La discussion a été momentanément suspendue, étant donné que la commission a reçu notre collègue Jean-Paul Glasson, membre de la Commission de gestion, et Monsieur Tobler, membre du Contrôle parlementaire de l'administration.

Monsieur Glasson a expliqué que la Commission de gestion, selon sa propre procédure, avait chargé le Contrôle parlementaire de l'administration de procéder à une analyse des mesures de contrainte, de leurs effets dix ans après leur entrée en vigueur. Monsieur Glasson a précisé qu'il allait essentiellement être question de la détention en vue du refoulement. La sous-commission a entendu divers experts, notamment Monsieur le professeur Martin Killias, des représentants de l'Office fédéral des migrations, ainsi que des représentants des cantons de Zurich, Genève et Saint-Gall. Ces auditions ont mis en évidence une grande diversité des pratiques et d'appréciation de l'efficacité réelle des mesures. La sous-commission poursuivait son évaluation et n'était donc pas en mesure de formuler des recommandations à l'époque - ce qui est maintenant chose faite. D'une manière générale, aucun des experts entendus n'a remis en cause le principe de la détention aux fins de refoulement. Les modalités pratiques, ainsi que la durée de la détention, sont par contre appréciées de manière contrastée.

Monsieur Tobler a expliqué que le Contrôle parlementaire de l'administration avait eu à répondre à quatre questions sur mandat de la Commission de gestion.
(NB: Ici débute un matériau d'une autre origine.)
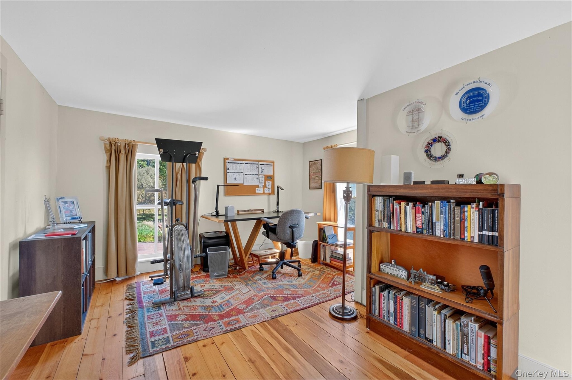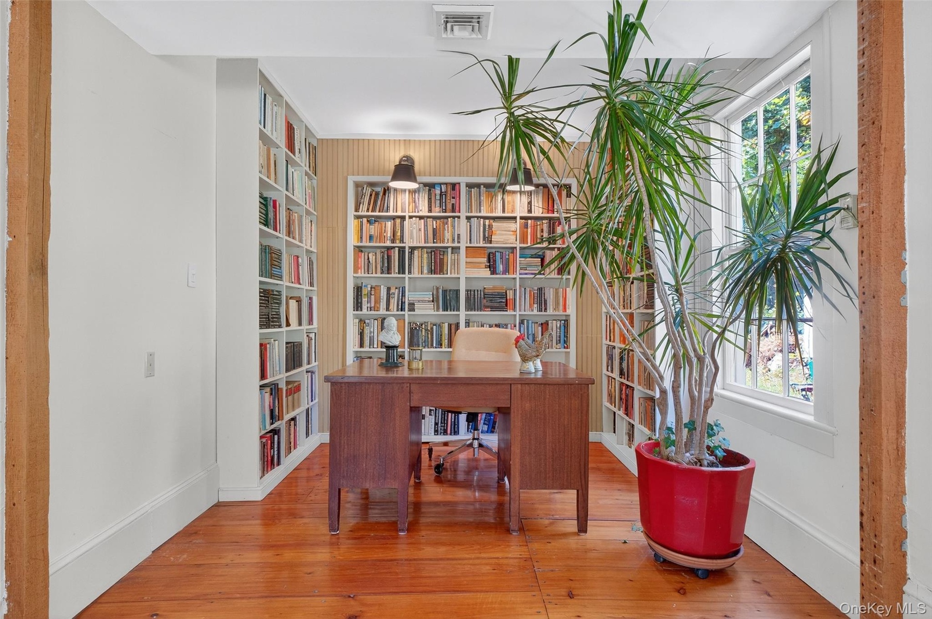 Light-filled interiors feature unusually high ceilings [on the main level] for its era, hand-cut oak and hemlock beams, and a spacious living room anchored by a cast-iron stove. A versatile main-level suite with private entrance and bath access works beautifully as a guest or in-law suite, or even a separate workspace.

Première question: quelles mesures de contrainte ont-elles été mises en oeuvre et de quelle manière dans les différents cantons? Subsiste-t-il des différences notables entre cantons? L'évaluation entreprise au sein des cinq cantons retenus a mis en évidence un fait déjà connu, à savoir une mise en oeuvre cantonale fort variable, tant en matière de détention aux fins d'expulsion que préparatoire. La durée de la détention, les personnes concernées varient grandement d'un canton à l'autre. L'une des causes de ces différences réside dans la façon dont les offices cantonaux appliquent les dispositions légales. Le taux de renvoi varie de 50 à 90 pour cent, avec une efficacité maximale dans le domaine des étrangers pour ce qui a trait à la détention aux fins d'expulsion. En matière d'asile, le succès n'est atteint que si une éventuelle détention est examinée au regard de la possibilité de renvoyer l'étranger concerné. Le canton de Schaffhouse est à ce titre exemplaire, avec un taux de retour de 86 pour cent. Les cinq cantons examinés présentent une moyenne de 73 pour cent. A aucun moment l'efficacité de la détention aux fins d'expulsion n'a été remise en question.

La comparaison entre l'efficacité et la durée de la détention démontre que les plus hauts taux de réussite sont atteints lorsque la durée de détention est relativement courte. Lorsque la durée de détention augmente, le taux de réussite baisse.